Dec. 28 (Bloomberg) -- Oil fell for a second day as gasoline supplies climbed to a nine-month high on weaker demand and as U.S. lawmakers gave little sign that they will reach an agreement to avert a fiscal crisis.
Prices dropped as much as 0.6 percent after the Energy Department said gasoline stocks rose to 223.1 million barrels last week and distillate inventories increased. President Barack Obama summoned congressional leaders to a meeting three days before a year-end deadline to avoid $600 billion in spending cuts and tax increases, collectively known as the fiscal cliff.
“We have a big gain in gasoline stocks and demand has been really soft,” said Bill O’Grady, chief market strategist at Confluence Investment Management in St. Louis, which oversees $1.4 billion. “The president is going to sit down this afternoon with everybody. I don’t think they’ll get a lot done.”
West Texas Intermediate oil for February delivery fell 21 cents to $90.66 a barrel at 12:51 p.m. on the New York Mercantile Exchange. Prices have gained 2.3 percent this week.
Oil traded at $91.24 a barrel before the release of the report at 11 a.m. in Washington, two days later than usual because of the Christmas holiday. Trading volume for WTI futures contracts was down 49 percent from the 100-day average.
Brent oil for February settlement slid 61 cents, or 0.6 percent, to $110.19 a barrel on the London-based ICE Futures Europe exchange. The number of contracts trading was 45 percent lower than the 100-day average. The European benchmark crude was at a premium of $19.60 to WTI.
WTI has declined 8.3 percent in 2012 as a U.S. shale boom deepened the glut at Cushing, Oklahoma, America’s biggest storage hub. That has left it at an average $17.47 below Brent this year, compared with a premium of about 95 cents in the 10 years through 2010. Brent, the benchmark grade for more than half the world’s crude, has risen 2.6 percent this year.
“The oil market is having a knee-jerk reaction to the report,” said Carl Larry, president of Oil Outlooks & Opinions LLC in New York.
Gasoline inventories jumped 3.78 million barrels last week to the highest level since March 23, the Energy Department said. Stockpiles were forecast to increase 850,000 barrels, according to the median of 10 analyst estimates in a Bloomberg survey.

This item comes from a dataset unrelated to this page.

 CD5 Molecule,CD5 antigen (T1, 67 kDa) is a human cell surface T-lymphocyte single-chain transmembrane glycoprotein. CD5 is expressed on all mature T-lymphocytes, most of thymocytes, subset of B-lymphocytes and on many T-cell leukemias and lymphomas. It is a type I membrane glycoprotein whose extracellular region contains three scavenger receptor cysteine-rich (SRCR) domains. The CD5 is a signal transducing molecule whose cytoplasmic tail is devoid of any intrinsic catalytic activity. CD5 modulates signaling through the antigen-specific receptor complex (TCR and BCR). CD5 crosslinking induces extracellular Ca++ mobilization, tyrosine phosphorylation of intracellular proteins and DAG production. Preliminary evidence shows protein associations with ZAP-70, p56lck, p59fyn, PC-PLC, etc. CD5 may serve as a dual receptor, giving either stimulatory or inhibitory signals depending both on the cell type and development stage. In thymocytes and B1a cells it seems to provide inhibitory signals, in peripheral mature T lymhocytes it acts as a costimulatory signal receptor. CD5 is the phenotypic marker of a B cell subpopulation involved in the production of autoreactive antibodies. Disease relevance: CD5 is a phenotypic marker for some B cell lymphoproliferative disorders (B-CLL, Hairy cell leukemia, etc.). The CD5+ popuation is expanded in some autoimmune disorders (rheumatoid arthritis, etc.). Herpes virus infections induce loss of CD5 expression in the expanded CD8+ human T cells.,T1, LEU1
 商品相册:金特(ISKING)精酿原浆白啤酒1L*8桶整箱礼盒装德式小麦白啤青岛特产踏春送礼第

Total petroleum consumption in the U.S. fell 5.5 percent last week to 18.9 million barrels a day, the biggest drop since Aug. 17, the report showed.
“The bigger issue is the consumption side,” O’Grady said. “It’s a reflection of concerns about the economy and the fiscal cliff is probably having an effect on it.”

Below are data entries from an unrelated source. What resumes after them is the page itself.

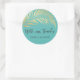Avec un style tropical contemporain, cet autocollant de remerciement bleu caraïbe présente une façade de palmier doré en fausse feuille avec un texte de script moderne et les noms de mariée et mariée. Personnalisez avec vos noms ou pour utiliser cet autocollant à d'autres fins, choisissez simplement "customisez-le" et supprimez l'image texte "avec nos remerciements" et modifiez les noms avec votre texte souhaité.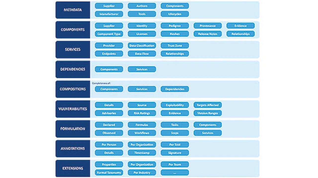 [4] Webseite zu den CycloneDX-Bausteinen (beachte die neun Bereiche einer CycloneDX-SBOM mit Abbildungen): https: //cyclonedx.org/specification/overview/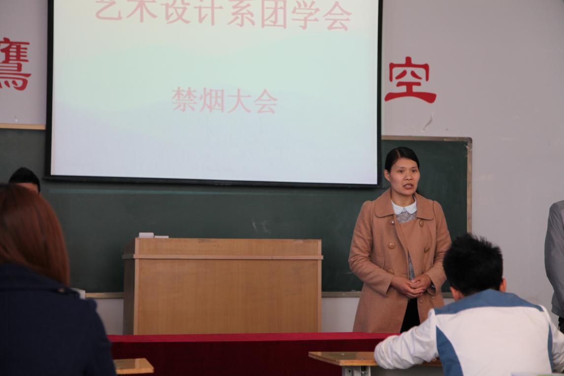 在会上,郭老师首先声明了吸烟对于健康的危害,宣读了学院对于违反禁烟规定学生的处罚办法,接着呼吁全系师生共同营造一个无烟环境,并组织团学会各部部长牵头,成立艺术设计系禁烟督导小组,明确分工。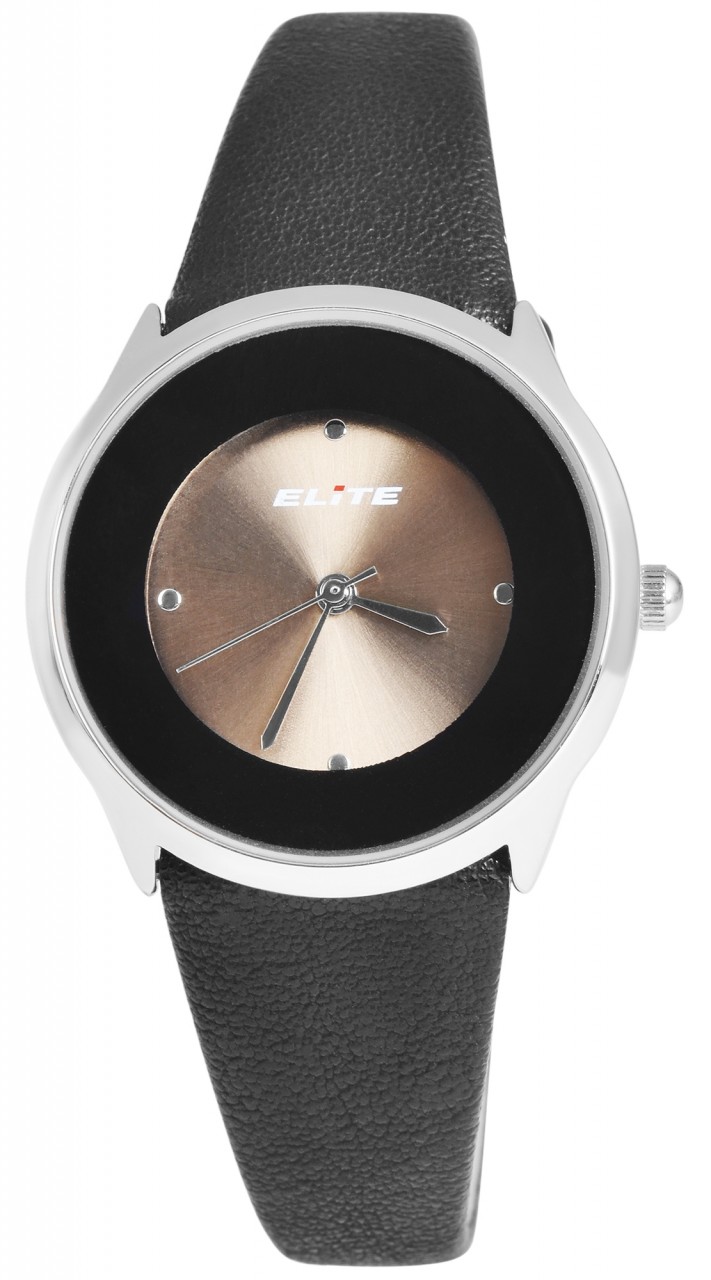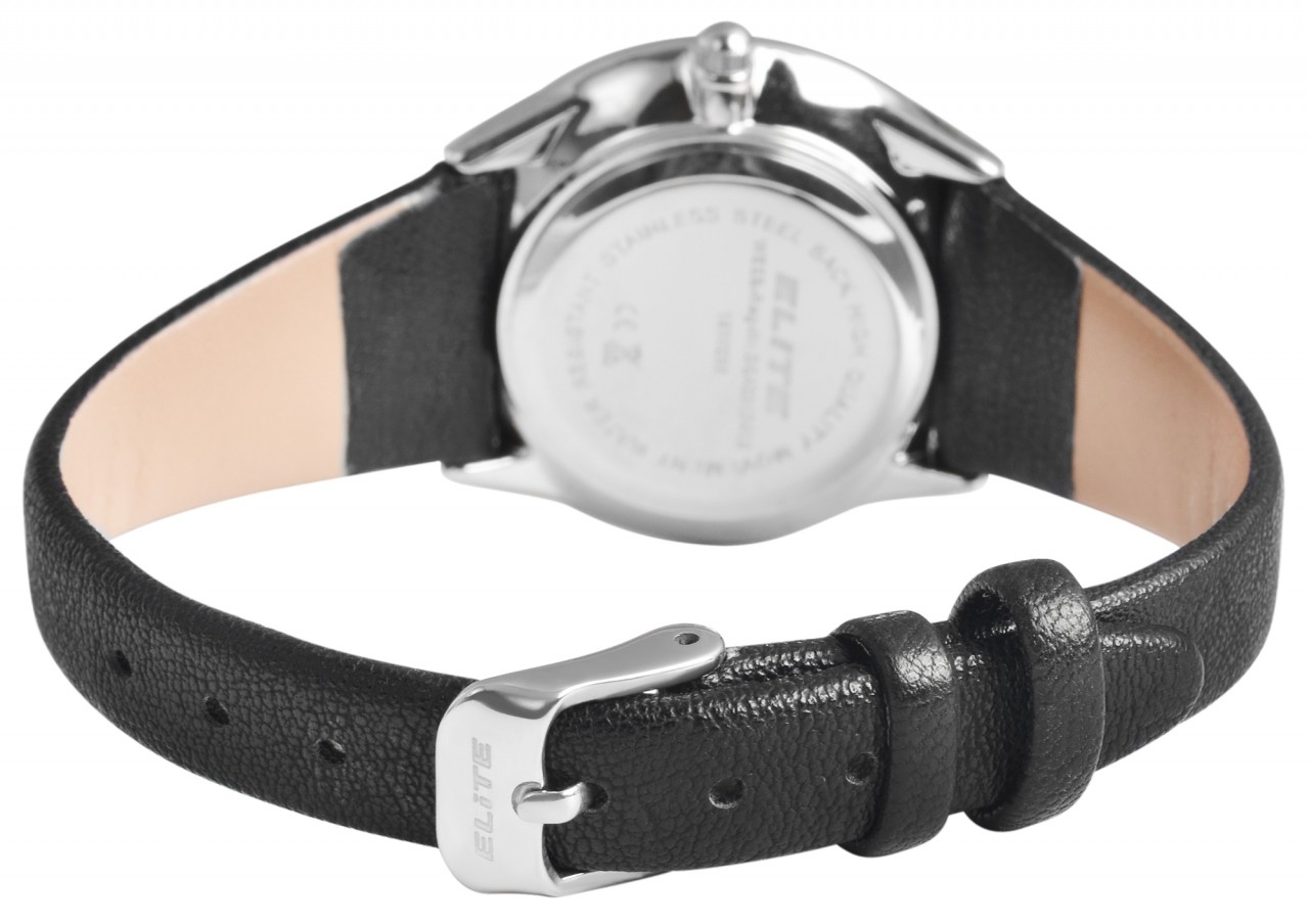 O relógio de pulso analógico de 3 ponteiros para senhora da marca Elite possui um movimento de quartzo de alta qualidade. A bracelete em imitação de pele tem 18 mm de largura na extremidade e afunila para 10 mm. Pode ser aberta e fechada com uma fivela de pino prateada. O comprimento total do relógio é de 22,5 cm. A caixa metálica prateada com vidro mineral tem um diâmetro de 32 mm e uma altura de 8 mm. O fundo da caixa é feito de aço inoxidável e o relógio é à prova de salpicos. Um destaque visual é o amplo rebordo espelhado no vidro, que é da mesma cor que a bracelete. O mostrador também é da mesma cor que a bracelete e está dividido em quatro índices de pontos prateados. Os ponteiros também são prateados. O simples relógio de senhora tem um aspeto geral harmonioso e pode ser combinado de várias formas.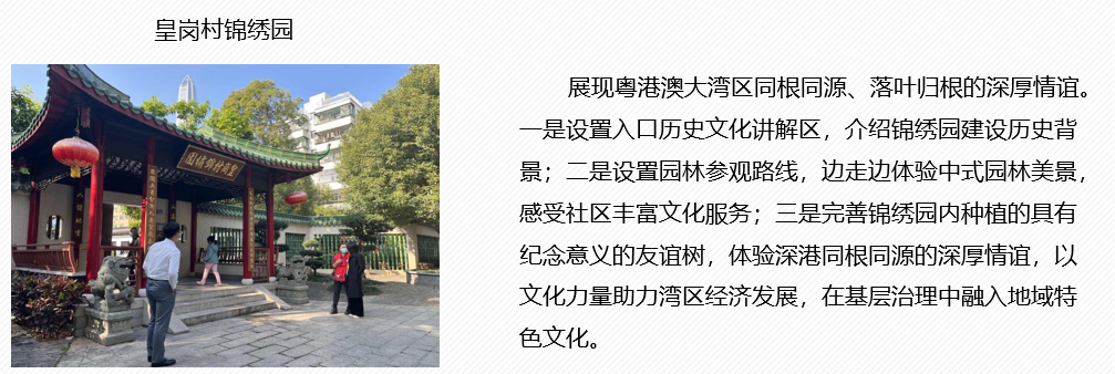 皇岗社区曾荣获“全国社区侨务工作明星社区”国家级荣誉称号,以高质量、高标准、便捷化的公共服务提升深港两地居民生活幸福感、获得感,持续增进深港友谊,助力粤港澳大湾区经济文化发展。通过深港便民服务点、锦绣园深港友谊体验、皇岗老村建筑艺术和民俗风情体验和老人之家旧照片回顾展现皇岗村与港澳两地的深厚情谊,以公共文化力量促进基层治理与服务。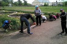 Сегодня воспитанники лагеря занялись благоустройством пришкольной территории.

Distillate supplies, which include heating oil and diesel, gained 2.42 million barrels to 119.4 million. Stockpiles were estimated to drop 850,000 barrels from the prior week.
Inventories of crude oil slipped 586,000 barrels to 371.1 million, the department said. Supplies were forecast to decrease 1.75 million barrels. Stockpiles at Cushing, Oklahoma, the delivery point for New York futures, increased 4.7 percent to a record 49.2 million barrels.
“The Cushing inventory level is very negative,” Larry said. “The fiscal cliff is the 800-pound gorilla in the room. If we don’t get a resolution, we’ll have a weaker economy and weaker oil demand.”
Obama, who had been negotiating one-on-one with House Speaker John Boehner, will meet today with Republicans Boehner and Senate Minority Leader Mitch McConnell, as well as Senate Majority Leader Harry Reid and House Minority Leader Nancy Pelosi, both Democrats.
Obama plans to propose a scaled-back package, a Democratic aide with knowledge of the president’s plans said. The meeting is scheduled for 3 p.m. at the White House.
The U.S. is the world’s largest oil-consuming country, followed by China and Japan.
“If they don’t do something to reach a deal, oil futures are going to come off pretty strong,” said Tariq Zahir, a New York-based commodity fund manager at Tyche Capital Advisors.